Ya I wish my cat Basil would do more of that. Granted, he has literally attached himself to Dax's face before, and Dax thought it was the best game ever. His tail was wagging a million miles an hour even as you heard basil's claws rip out of his skin. :crazy:


----------



## KZoppa (Aug 14, 2010)

sharkey19 said:


> Ya I wish my cat Basil would do more of that. Granted, he has literally attached himself to Dax's face before, and Dax thought it was the best game ever. His tail was wagging a million miles an hour even as you heard basil's claws rip out of his skin. :crazy:


 
they really are such funny animals. "Its attached to my face! this is so awesome!" 

I love that innocent everyone just HAS to want to play with me even as "everyone" is inflicting damage to clue in they DONT want to play. Silly crazy dogs. 

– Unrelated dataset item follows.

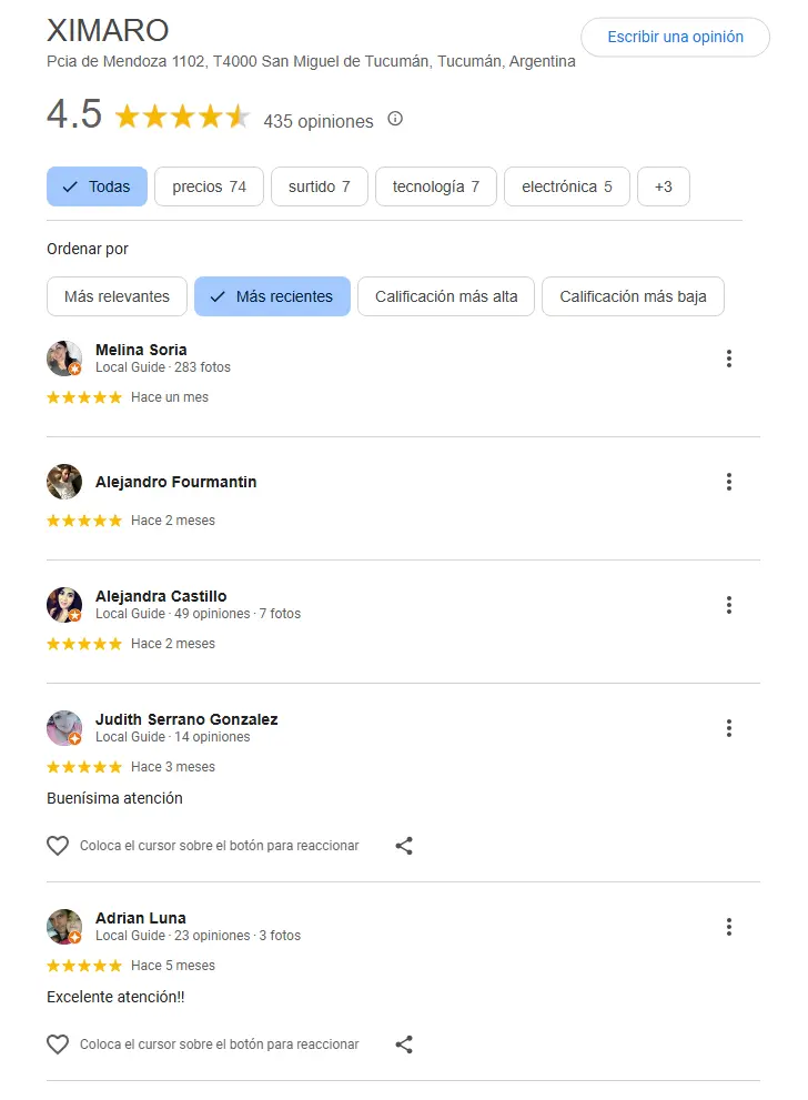 Puedes ver todos los comentarios de nuestros clientes
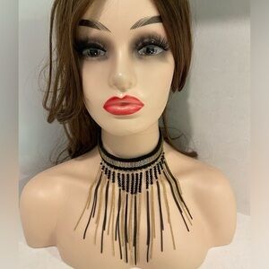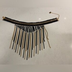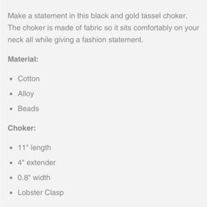 Black and gold whimsical tassel choker. The choker is made of fabric so it sits comfortably on your neck all while giving a fashion statement.

i couldnt believe Lucky. he just came flying out of nowhere and jumped at Max. no hissing, growling or puffed up cat. Nope. He was very cool and calm about the whole I"M THE BOSS YOU!!!! I've NEVER seen a dog as big as Max hit the deck and try to hide from a cat before. It was hysterical. Lucky has always been a pain in the butt. He and i used to play tag. My mom had the cat who played Fetch. i had the cat who played tag. best exercise i ever got when i wasnt skating was tagging Lucky on the butt and running away jumping over furniture. He'd chase after me and i'd turn just in time to see him spring up onto the bed and leap towards me. All four feet planted on my chest and he'd race away. That game would go on for hours!


----------



## Germanshepherdlova (Apr 16, 2011)

My cats have the family room (lower level) and laundry room area and the dogs have the rest of the house. If one of the cats does venture upstairs then the dogs will chase them back down to their area.


----------



## chelle (Feb 1, 2009)

I have a water bottle and I give Bailey a nice strong squirt if he's being over the top with the cat. It definitely gets his attention!! He does NOT like it!!!!!!!!!


----------



## Crookedcreekranch (May 27, 2008)

I know this will not be a popular answer but..............with huge prey drive the likelihood is you will end up with a very bad outcome. 

E-collar ......make sure you work with someone on proper usage.


----------



## sharkey19 (Sep 25, 2011)

chelle said:


> I have a water bottle and I give Bailey a nice strong squirt if he's being over the top with the cat. It definitely gets his attention!! He does NOT like it!!!!!!!!!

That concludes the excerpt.